The problem with the partisanship argument is that it is another straw man placed there by idiots. George Skelton of the LA Times from time to time recommends that political parties be outlawed in state elections and that the legislature be elected on a non-partisan basis. There are continuing attempts at open primaries and the like in order to get rid of the parties.
Getting rid of political parties just makes certain rich people more powerful because voters can no longer rely on party affiliation to judge, at least in some way, the qualities of a candidate. We will end up with a legislature filled with people who can finance their own campaigns, since there will no longer be parties identified with the candidates and party money will mean less.
The process of destruction continues unabated and no one is willing to make the hard choices, least of all the voters, who don’t even know there are choices to be made.

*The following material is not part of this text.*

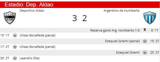 El equipo de Aldao volvió a ganar, esta vez ante Arg. Humberto, y es el único invicto de la Zona Norte con 5 puntos de diferencia sobre el segundo.

Prop 13 did not contribute to the real estate bubble, because assessed value was 1% of the purchase price (plus a minor yearly increment). For people buying in 1967, that is very low–for people buying in 2007, it was very high. What
created the bubble is the belief that one could “flip” the house one has bought in 2-3 years for 50-100% more than one paid for it.
All that being said, Prop 13 is a disaster on pretty much every count, the reasons being 2/3rds requirements, loss of local control, volatility (property taxes are relatively stable–so is the car tax, and Arnold ran on that in 2003 and won).
A significant piece of the crisis missed by Marinucci is the ‘no new taxes’ pledge that is a necessity for any Republican to get through a primary. When one party throws away a key component of governance even before the general election, you end up with crises like the ones we have been seeing in recent years.
My recollection is that the pledge originated after Reagan became president, but possibly after he left office, given that he signed multiple tax increases as president (and, of course, a huge tax increase as governor of California). When were the first ‘no new taxes’ pledges a near-requirement to be a Republican candidate?
I think you over-estimate political self-segregation. There are, in fact, plenty of liberals in the Inland Empire region — many of whom very nearly toppled Congressman Ken Calvert, recently, for example. It’s true that the balance varies, and that some people choose their homes in part by social and cultural characteristics that correlate with political outlook — but many people also choose their homes to be close to their workplaces, or because they are affordable, as well.
Meanwhile, there can be no doubt that computer-assisted gerrymandering has led to much more efficient segregation of electoral districts, and to some pretty strange looking ones, too. If people really had sorted themselves out, then gerrymandering would lead to much less extreme districts, after all!